_Aim of the task_
Lift out, unaltered, the lines of the material below between the line holding "Indulge in the" and the line holding "10月,上海市二手房挂牌量出", counting both.

_Records to process_
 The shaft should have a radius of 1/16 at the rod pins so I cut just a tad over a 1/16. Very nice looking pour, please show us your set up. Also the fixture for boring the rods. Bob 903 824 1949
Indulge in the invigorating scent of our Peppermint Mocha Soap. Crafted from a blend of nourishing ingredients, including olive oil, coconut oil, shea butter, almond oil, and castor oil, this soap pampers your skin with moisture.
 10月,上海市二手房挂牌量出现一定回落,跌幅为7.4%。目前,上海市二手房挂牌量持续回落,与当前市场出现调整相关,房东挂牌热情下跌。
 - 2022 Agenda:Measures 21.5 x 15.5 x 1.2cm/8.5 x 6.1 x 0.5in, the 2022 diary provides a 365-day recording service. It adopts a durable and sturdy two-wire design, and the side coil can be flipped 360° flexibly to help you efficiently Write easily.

--

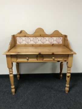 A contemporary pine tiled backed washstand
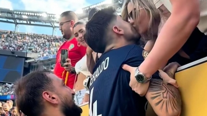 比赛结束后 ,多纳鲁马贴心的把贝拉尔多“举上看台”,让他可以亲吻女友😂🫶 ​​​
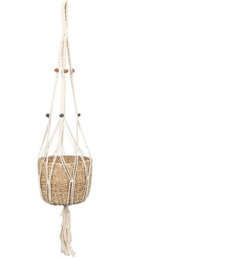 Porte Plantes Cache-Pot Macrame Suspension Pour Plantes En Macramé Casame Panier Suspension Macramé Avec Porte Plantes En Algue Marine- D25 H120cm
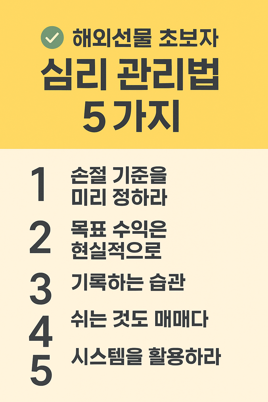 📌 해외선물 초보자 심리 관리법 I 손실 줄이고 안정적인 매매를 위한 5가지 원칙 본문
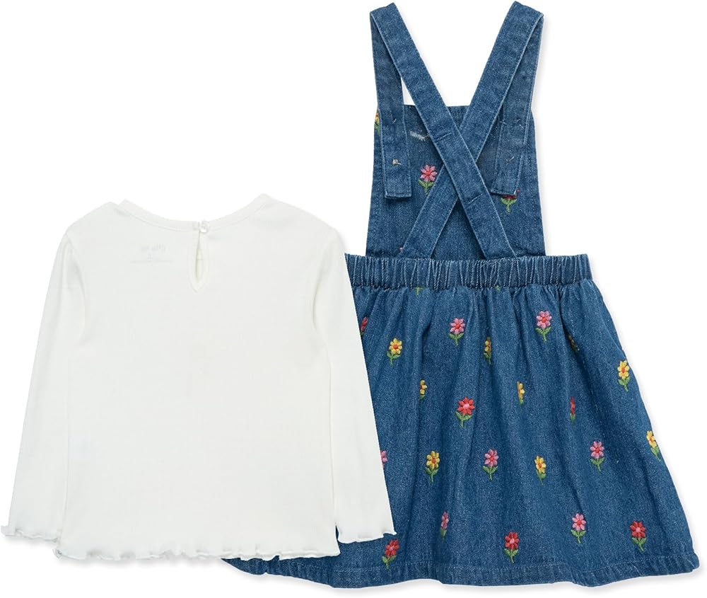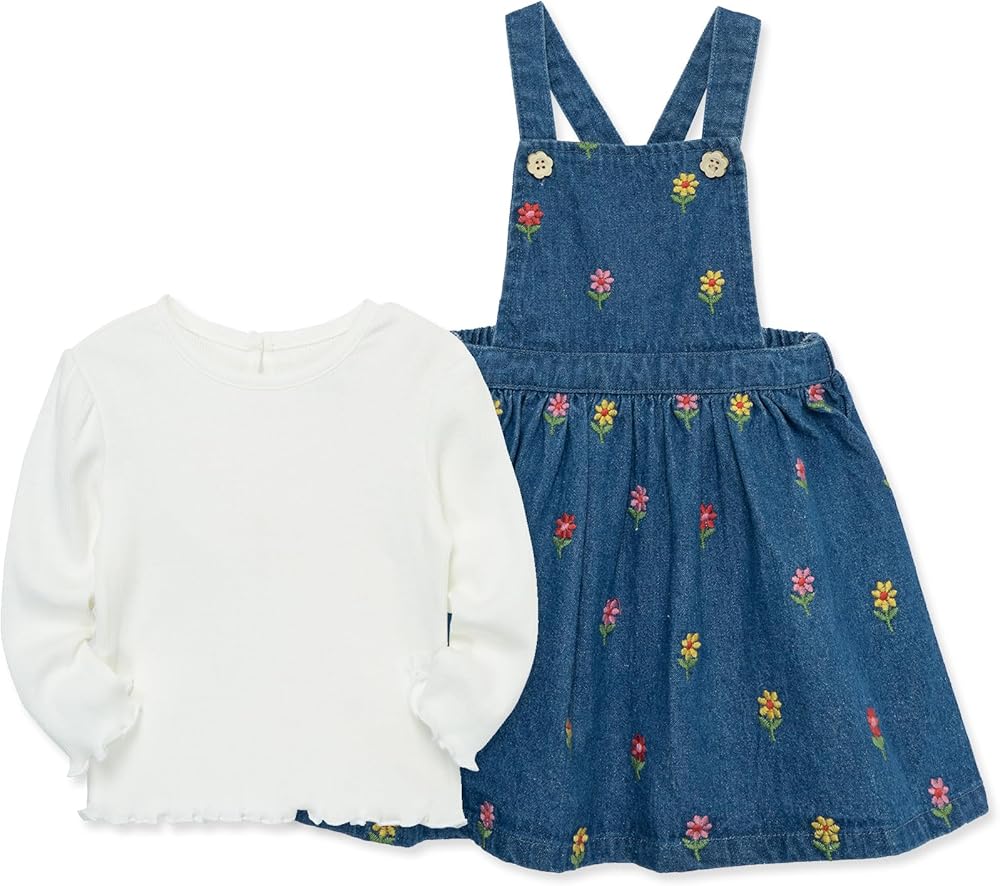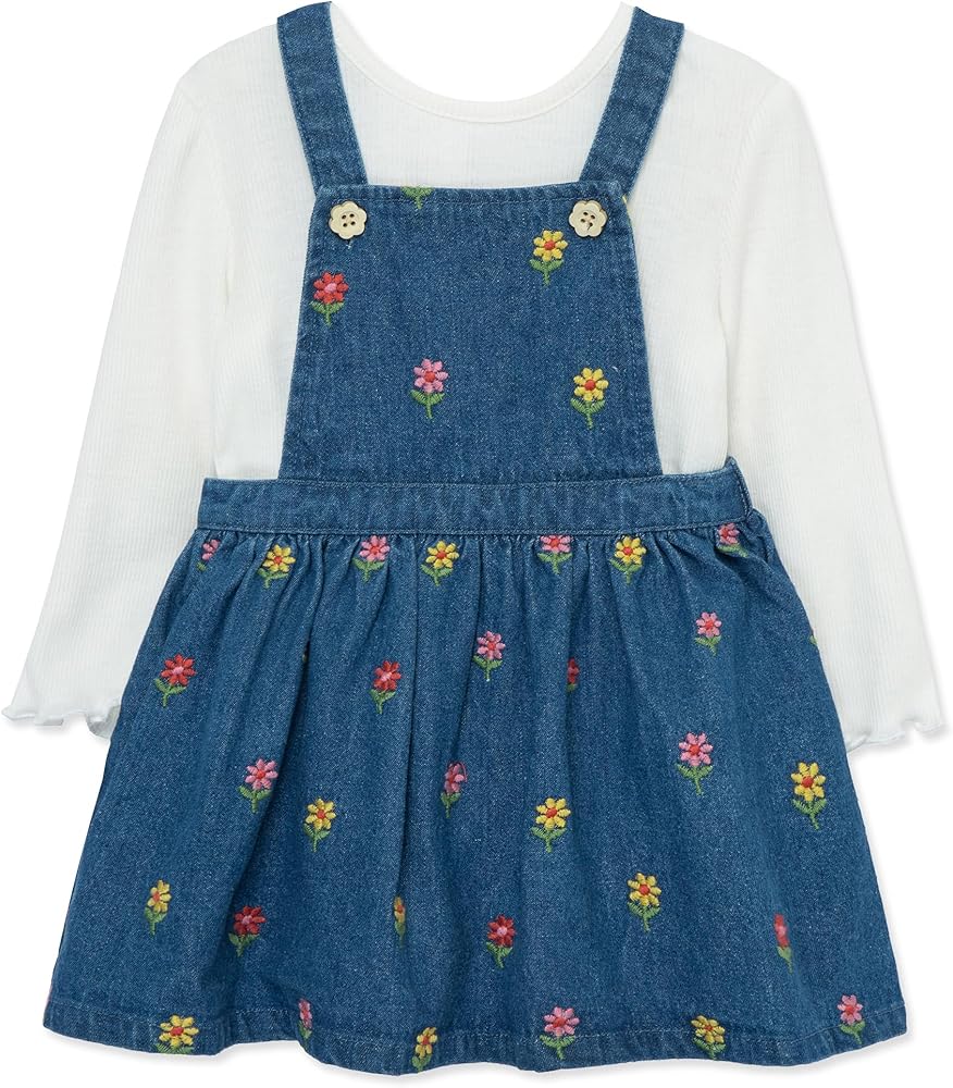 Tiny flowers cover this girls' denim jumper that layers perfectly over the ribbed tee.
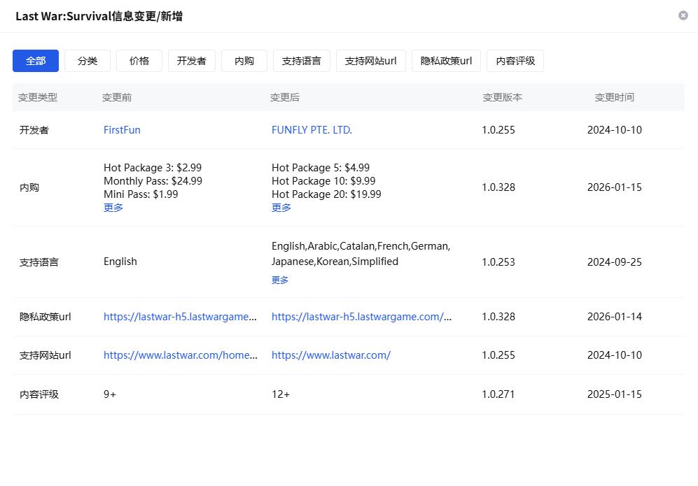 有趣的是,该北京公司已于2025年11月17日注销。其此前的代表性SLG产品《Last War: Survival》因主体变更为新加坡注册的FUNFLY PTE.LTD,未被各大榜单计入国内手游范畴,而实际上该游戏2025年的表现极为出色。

* * *

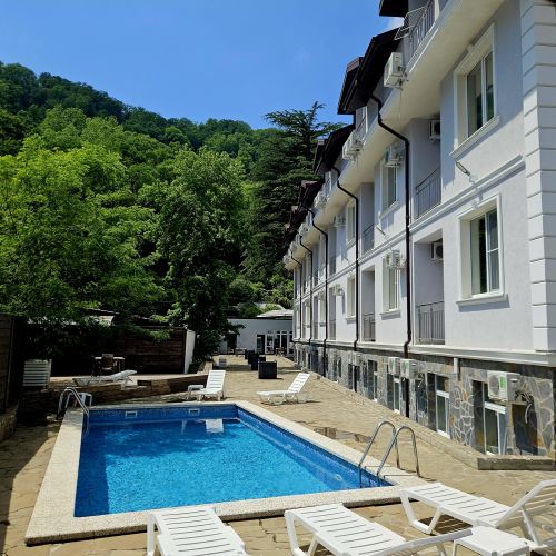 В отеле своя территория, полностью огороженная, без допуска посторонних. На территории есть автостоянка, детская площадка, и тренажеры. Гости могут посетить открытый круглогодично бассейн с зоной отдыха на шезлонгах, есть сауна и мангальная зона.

_Solution to the exercise_
Indulge in the invigorating scent of our Peppermint Mocha Soap. Crafted from a blend of nourishing ingredients, including olive oil, coconut oil, shea butter, almond oil, and castor oil, this soap pampers your skin with moisture.
 10月,上海市二手房挂牌量出现一定回落,跌幅为7.4%。目前,上海市二手房挂牌量持续回落,与当前市场出现调整相关,房东挂牌热情下跌。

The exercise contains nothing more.